More than 89% of all responding creditors voted for the CVA during a virtual meeting on 4 September 2020, passing the 75% approval threshold. The CVA will not apply to sites situated in Jersey, Ireland or its international sites.
What is a Company Voluntary Arrangement (CVA)?
A Company Voluntary Arrangement (CVA) is an agreement between a company and its creditors to allow a proportion of the debt owed to be repaid over a fixed period of time. The proposal must be agreed to by 75% of the creditors by value for it to pass.
What are the advantages of a CVA for your business?
- All monies that are owed to creditors can be subsumed into one monthly payment;
- A CVA stops the threat and presentation of a winding-up petition;
- Improves cash flow as soon as the CVA is agreed to by 75% of the creditors by value;
- Terminate onerous supplier contracts;
- Directors and shareholders retain control of the company;
- Lower costs than a scheme of arrangement; and
- Privacy as a CVA is not advertised or announced (unlike a winding up petition or administration).
Why should directors instruct specialist CVA Insolvency Practitioners?

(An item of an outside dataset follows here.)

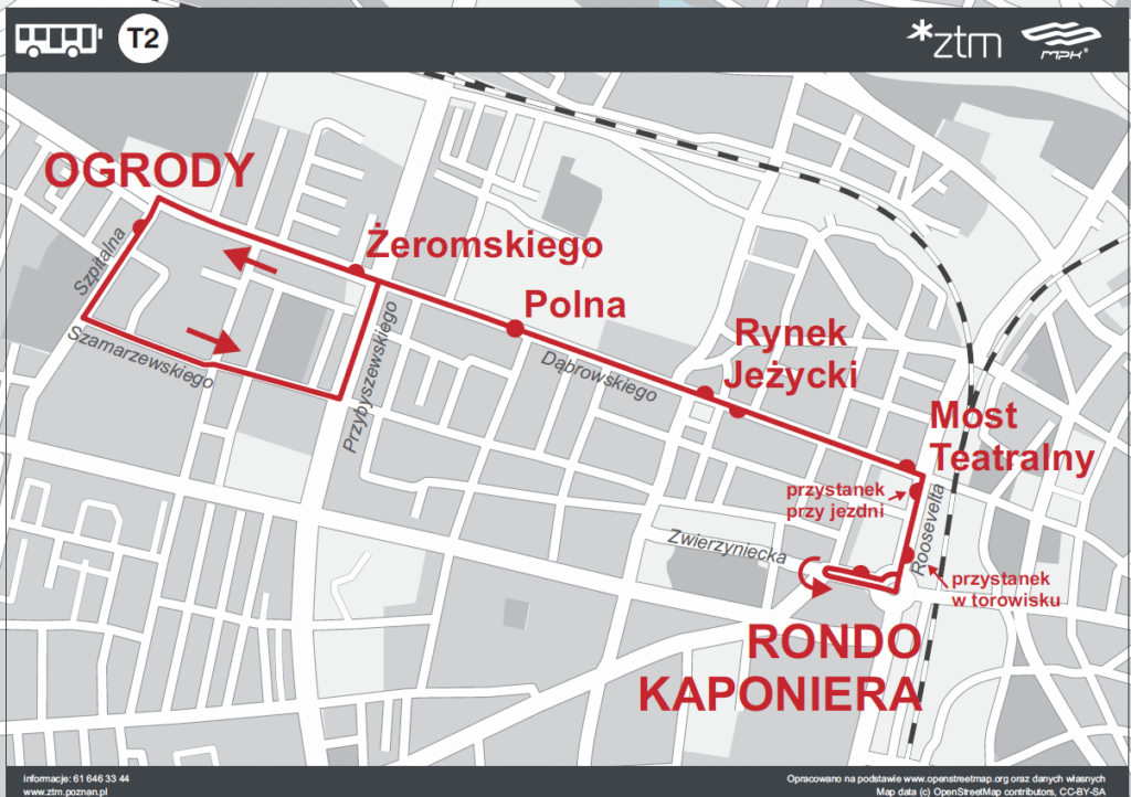 Linia T2 będzie kursować co 10 minut na trasie okólnej: Rondo Kaponiera – Ogrody – Szpitalna – Szamarzewskiego – Przybyszewskiego – Dąbrowskiego – Rondo Kaponiera. Rozwiązanie to umożliwi pasażerom podróżowanie w obu kierunkach bez konieczności dodatkowych przesiadek, np. wsiadając przy przystanku Żeromskiego w stronę Ogrodów, będzie można dojechać dalej w stronę centrum.

There are several hundred CVAs proposed annually (765 in 2010 and 767 in 2011); the average success rate with HMRC’s Voluntary Arrangements Service on CVA proposals is around 73%. It is clear that Directors should be looking to turnaround and company rescue specialists that have experience in succeeding with their proposals and are doing CVAs on a daily basis. Specialist CVA IPs may have a success rate of over 90%. Directors are therefore wise to ask for the track record of the IP they are consulting.